4.3. Analysis of Two-Dimensional Variations of TEC Disturbances
To further analyze the two-dimensional variation characteristics of the ionospheric disturbances over time, we used Equation (3) to obtain the TEC disturbance sequences at the ionospheric pierce point (IPP) above 182 GNSS stations in the Guangxi region.
Figure 8 shows the TEC sequence from UT 11:15 to 11:55 UT.
From
Figure 8, it can be observed that between 11:25 and 11:55 UT, the TEC disturbances gradually expanded from low-to-high latitude areas. At 11:25 UT, significant TEC disturbances first appeared in the low-latitude region of Guangxi (approximately 21.3–22.7° N, 108.1–109.8° E), as indicated by the dashed red circle. At 11:35 UT, the area of TEC disturbance expanded, mainly concentrated in the region of 21.2–23.6° N and 107.8–110.2° E. By 11:45 UT, the TEC disturbance continued to extend northward and was distributed within the range of 21.0–24.5° N and 107.1–111.0° E. By 11:55 UT, the TEC disturbance covered the entire Guangxi region. At this time, the north–south component Bz of the geomagnetic field rapidly turned northward after reaching its minimum value, accompanied by a significant TEC disturbance, with the maximum disturbance amount reaching ±0.2 TECU. These results indicate that during the geomagnetic storm, the TEC disturbances in the Guangxi region showed a trend of propagating from low to high latitudes, which is consistent with the propagation patterns demonstrated by the dTEC sequences in
Figure 4 and
Figure 5.
4.4. Three-Dimensional Evolution Analysis of Ionospheric Disturbances
To reflect the three-dimensional evolution of the ionospheric electron density during geomagnetic storms in the Guangxi region, this study used the electron density of a quiet day (30 November 2023) as the background value. Using a tomographic ionospheric model based on the functional basis and projection functions, three-dimensional variations in electron density on the day of the storm compared to a quiet day were obtained, as shown in
Figure 9.
Figure 9 shows that the TEC disturbances during the geomagnetic storm were primarily concentrated within the altitude range of 450–580 km. From 10:00 to 11:00 UT, there were no significant disturbances in the ionosphere; however, at 12:00 UT, notable TEC disturbances appeared at the 580 km altitude, with the maximum TEC value observed at 112° E, 26° N, increasing by 20.54 TECU, while TEC changes at other altitude layers were relatively stable. At 13:00 UT, the maximum TEC value at the 580 km altitude layer shifted to 110.9° E, 25° N, increasing by 14.00 TECU. Simultaneously, the maximum TEC values at the 450 km, 325 km, and 200 km altitude layers increased by 11.40 TECU, 10.44 TECU, and 7.12 TECU, respectively. This indicates that after reaching its peak at 12:00 UT, the TEC at the 580 km altitude layer began to extend to lower layers.

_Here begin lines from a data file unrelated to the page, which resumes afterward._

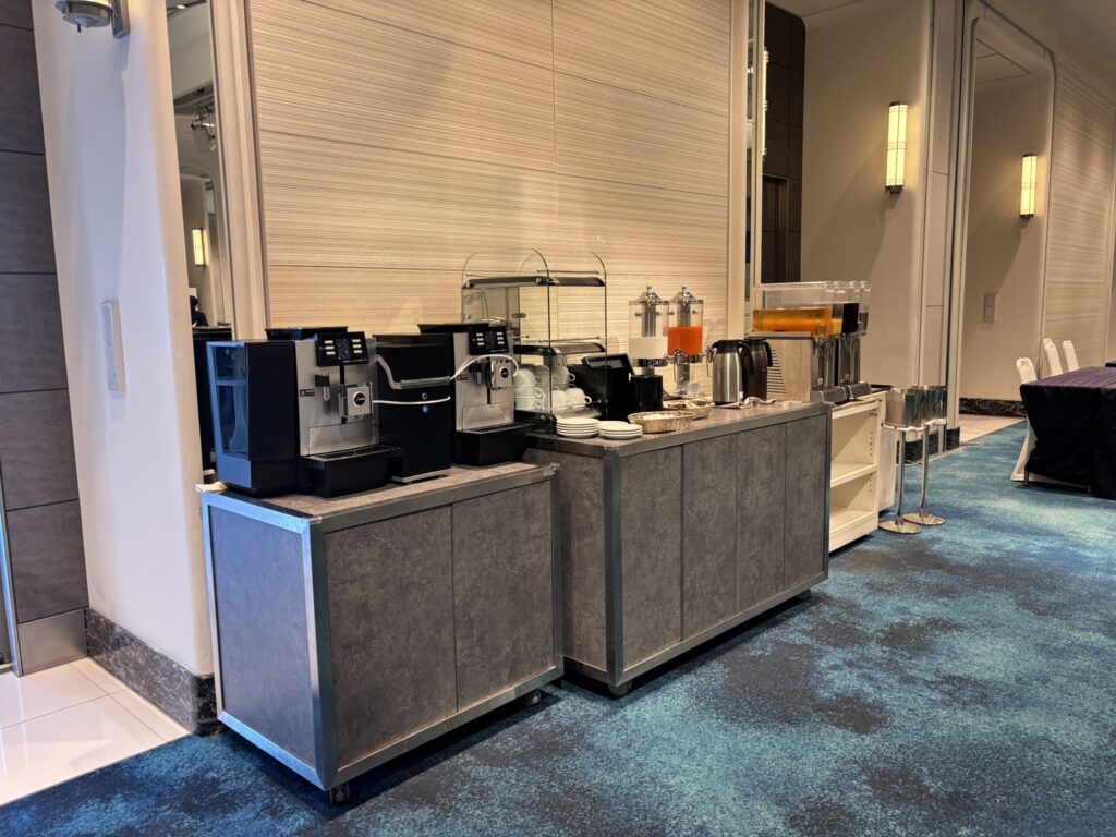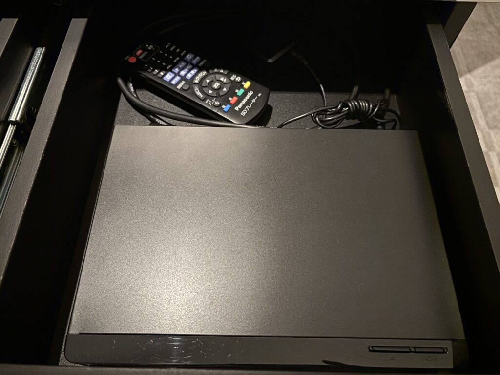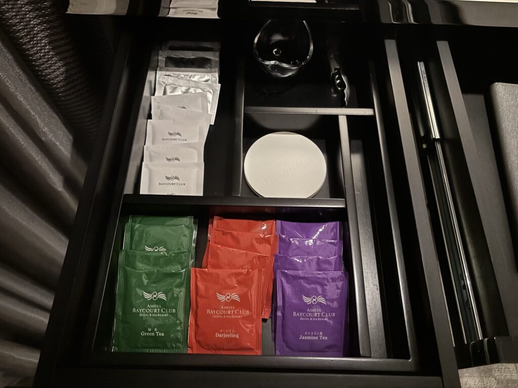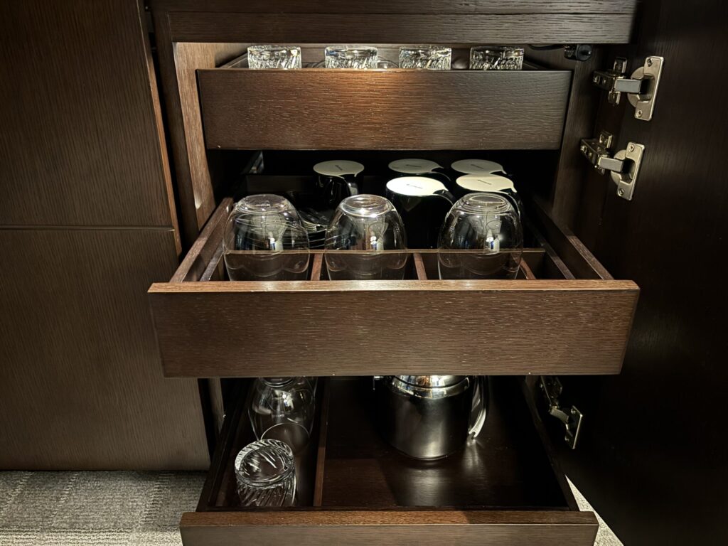 次にミニバーコーナーです。エスプレッソマシンに紅茶(ちゃんと5人分)、コップもたくさん用意されていました。DVDプレーヤーもありました。
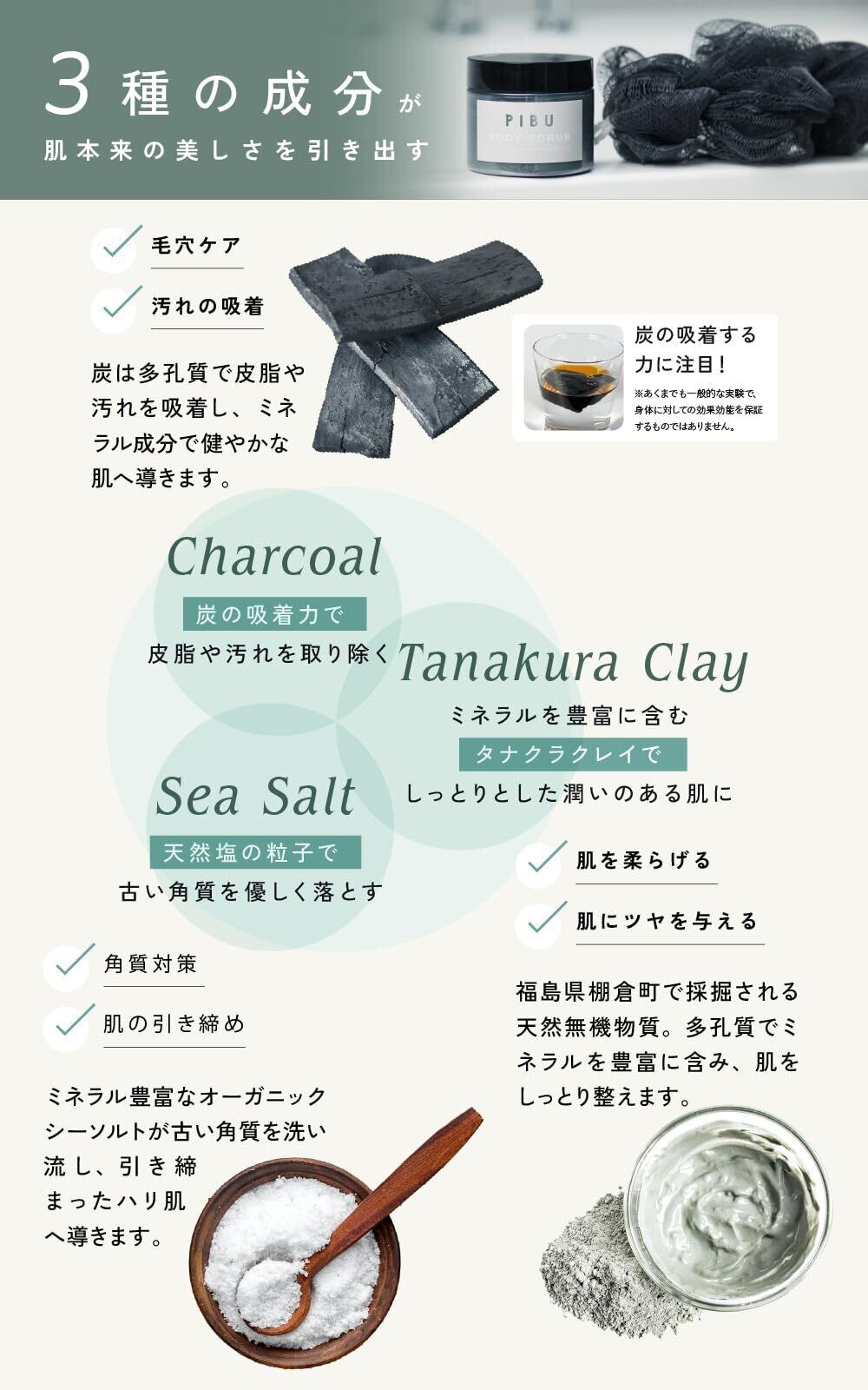 ・メイン成分:メイン成分としてチャコール、クレイ、ソルトの3つを配合している全く新しいボディスクラブ。だから角質除去やお肌の引き締めだけではなく、チャコールの毛穴ケアや汚れの吸着、クレイの肌を柔らかくして潤いを与えるなど、様々なことが期待できます。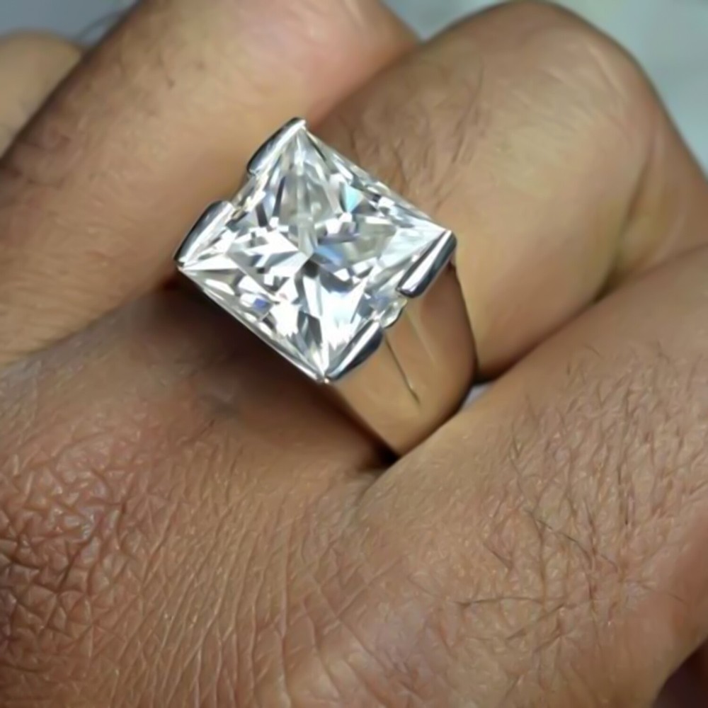 $ 120.7Certified Natural AAA 5.80ct VS1 White Diamond 925 Sterling Silver Handmade Ring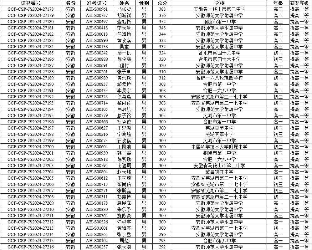 完整名单下载:安徽省CCF CSP-J/S2024第二轮提高级一等二等三等名单.xlsx

By 14:00 UT, the TEC at all altitude layers had decreased, with the maximum TEC disturbances at the 580 km and 450 km altitude layers weakening to 13.00 TECU and 12.32 TECU, respectively, while the TEC values at the 325 km and 200 km altitude layers were 3.77 TECU and 1.75 TECU, respectively. This suggests that the TEC disturbances gradually returned to a quiet state in the lower-altitudes first.
At 15:00 UT, the TEC disturbances in the 580 km and 450 km altitude layers continued to weaken, with maximum TEC values of 12.35 TECU and 8.30 TECU, respectively. From 16:00 to 17:00 UT, TEC disturbances returned to a quiet state, with no significant changes in the TEC observed across all altitude layers.